Hola again! DSOC's Juan here! It's autumn now, time to start craving pumpkin tarts and hot drinks. Recently I'm having hot matcha latte very often, maybe because it reminds me when I was a graduate student cleaning my data in some cafe around this time of the year. What's your favorite hot drink for this season?

This is part II of the Structural Estimation (SE) series. In the previous post I discussed some of the advantages and difficulties of SE, and mentioned some of its different flavors. A good way of learning SE is understanding Dynamic Discrete Choice (DDC) Models. In this post I present the basic elements that most DDC models share by introducing the universal toy model: John Rust’s GMC bus engines replacement model, first presented in Rust (1987).

The engine replacement model has been used by several authors. Hotz et. al. (1994) used it to benchmark their simulator estimator, Aguirregabiria and Mira (2002) referenced it to show their approach to solving the decision problem by swapping Rust's NFXP algorithm, and more recently Chernozhukov et. al. (2018) used it to test their semiparametric approach to solving DDC models. Even the Bonanza AI approaches the game of Shogi in a very similar way to the decision problem described by Rust (Igami, 2018). The Conditional Independence assumption made in Rust (1987) has now become a standard approach to simplifying the likelihood function. Everybody knows it, everybody likes it. You could say it is the matcha latte of Structural Estimation models.

The protagonist of the model is Harold Zurcher, who once was the superintendent of maintenance of the Madison Metropolitan Bus Company in Wisconsin. His job included scheduling the repair and maintenance of the vehicles in the fleet. In his day-to-day job Mr. Zurcher would probably check the odometer readings of each of the buses in the fleet, then go like:

and after a few seconds decide for each bus whether to just provide normal maintenance or to completely replace the bus engine for a new one. So what does that decision process look like?

The Utility Function

Zurcher's utility function can be expressed in the following way:

u(x_t, i_t, \theta_1) = \begin{cases}
 & -c(x_t, \theta_1) \text{ if } i_t= 0\\ 
 & -R - c(0, \theta_1) \text{ if } i_t=1 
\end{cases} \\

 x_t: the accumulated miles at  t since the last replacement
 c() : the cost function that defines how the operational cost changes as a function of the accumulated mileage since the last replacement.
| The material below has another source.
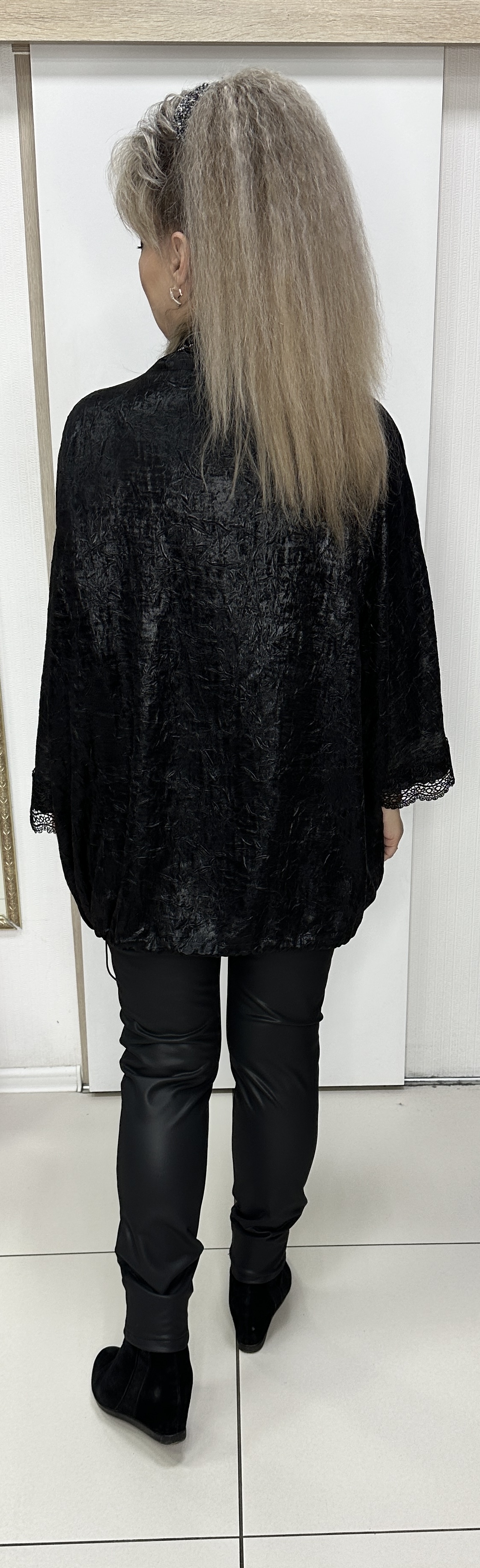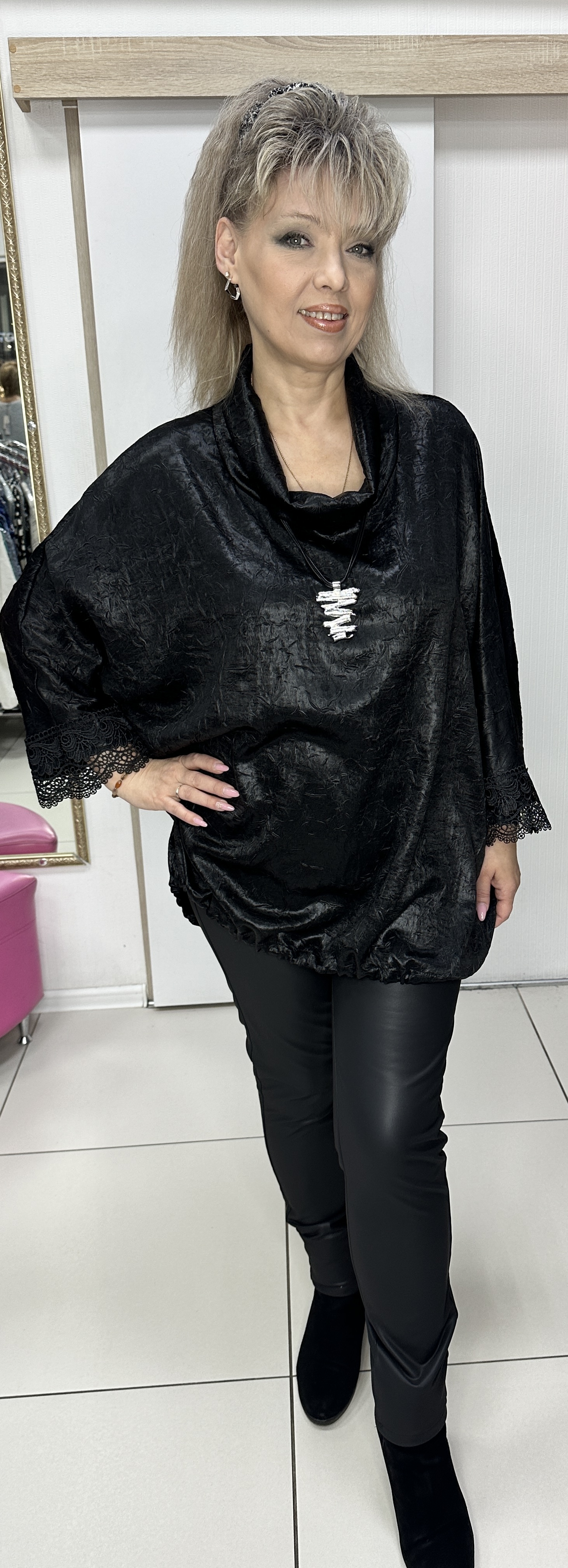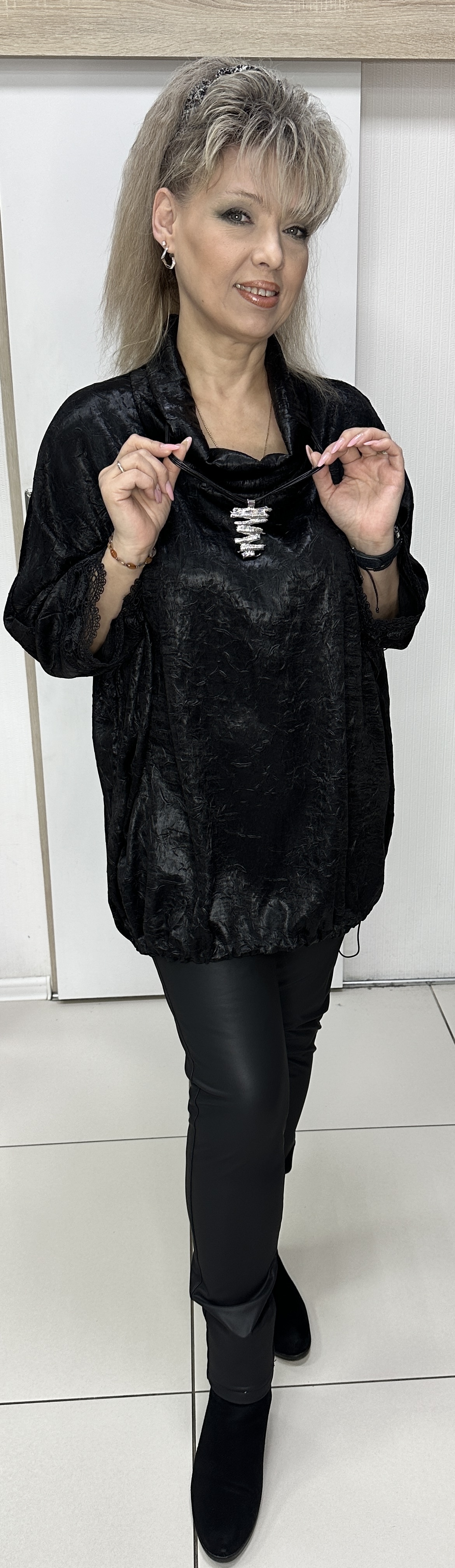 Черный блузон-туника на большие размеры, с красивым блеском для праздничных мероприятий, модель 3090 сделает привлекательной любую девушку(женщину). Изюминка: ткань жатка свободный фасон с хомутом и широкими рукавами. Изюминка: нарядность этой тунике придают черные кружева по рукавам и кулиска по низу. Здесь бонусом идет подвеска. Эффектно и стильно смотрится обладательница в этой тунике. Спешите сделать себе такой красивый подарок!

One could imagine for example that older buses are costlier to maintain, in which case we would expect  c to be an increasing function of  x_t.
 R: the cost of buying a new engine net of the scrap value of the older one.
 i_t: the decision taken in period  t. It takes the value of one if the engine was replaced and zero otherwise.
 θ_1: some unknown parameters of the cost function. This is usually represented as a vector which size depends on the functional form of  c().

Note that time is discrete.

Let's also define the choice set  D(x), representing all the possible choices that can be made. In this case  D(x) = \{0, 1\}, meaning that the superintendent only has two options: to replace or to not replace.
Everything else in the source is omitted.